Low =1 and High = Sum of pages of all books
Run Binary search
For Mid(Max pages assigned to a scribe), assign books greedily such that no scribe gets page more than MAX
If scribes remain without work it means actual value is less than MID, if Books remain actual pages is more MID and I am updating accordingly.
回答1:
Here is a possible dynamic programming solution written in python. I use indexing starting from 0.
k = 2 # number of scribes
# number of pages per book. 11 pages for first book, 1 for second, etc.

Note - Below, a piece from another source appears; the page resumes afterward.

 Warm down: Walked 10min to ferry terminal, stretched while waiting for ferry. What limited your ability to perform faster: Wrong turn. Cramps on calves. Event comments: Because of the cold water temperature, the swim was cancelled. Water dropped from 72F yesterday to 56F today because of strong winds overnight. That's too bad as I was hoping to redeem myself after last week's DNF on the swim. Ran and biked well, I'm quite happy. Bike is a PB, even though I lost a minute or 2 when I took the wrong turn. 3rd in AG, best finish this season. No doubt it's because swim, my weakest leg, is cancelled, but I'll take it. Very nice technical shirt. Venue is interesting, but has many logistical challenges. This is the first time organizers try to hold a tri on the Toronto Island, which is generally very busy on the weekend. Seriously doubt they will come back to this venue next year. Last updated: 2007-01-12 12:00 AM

pages = [11, 1, 1, 10, 1, 1, 3, 3]
m = len(pages) # number of books
def find_score(assignment):
max_pages = -1
for scribe in assignment:
max_pages = max(max_pages, sum([pages[book] for book in scribe]))
return max_pages
def find_assignment(assignment, scribe, book):
if book == m:
return find_score(assignment), assignment
assign_current = [x[:] for x in assignment] # deep copy
assign_current[scribe].append(book)
current = find_assignment(assign_current, scribe, book + 1)
if scribe == k - 1:
return current
assign_next = [x[:] for x in assignment] # deep copy
assign_next[scribe + 1].append(book)
next = find_assignment(assign_next, scribe + 1, book + 1)
return min(current, next)
initial_assignment = [[] for x in range(k)]
print find_assignment(initial_assignment, 0, 0)

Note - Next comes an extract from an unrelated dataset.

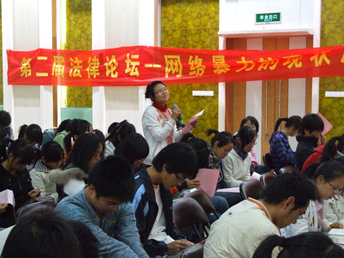 活动首先邀请嘉宾入席,台下顿时掌声热烈。接着,主持人就论坛上的热点问题与嘉宾进行了问答,在座人员一同观看了"很黄很暴力"和华南虎两段事件视频,嘉宾对事件做了简要的分析。随后的有奖问答题目环节将活动带入了高潮,同学们对嘉宾的问题进行了踊跃的回答问题并阐述了自己的观点。通过嘉宾的分析,我们也对网络暴力有了更深的了解。活动的最后环节是同学提问,嘉宾一一解答了同学们心中的疑惑,使同学们获得了更多的专业知识。活动以嘉宾赠言的形式画上了一个圆满的句号。

The function find_assignment returns the assignment as a list where the ith element is a list of book indexes assigned to the ith scribe. The score of the assignment is returned as well (the max number of pages a scribe has to copy in the assignment).
The key to dynamic programming is to first identify the subproblem. In this case, the books are ordered and can only be assigned sequentially. Thus the subproblem is to find an optimal assignment for the last n books using s scribes (where n < m and s < k). A subproblem can be solved with smaller subproblems using the following relation: min(assigning book to the "current" scribe, assigning the book to the next scribe).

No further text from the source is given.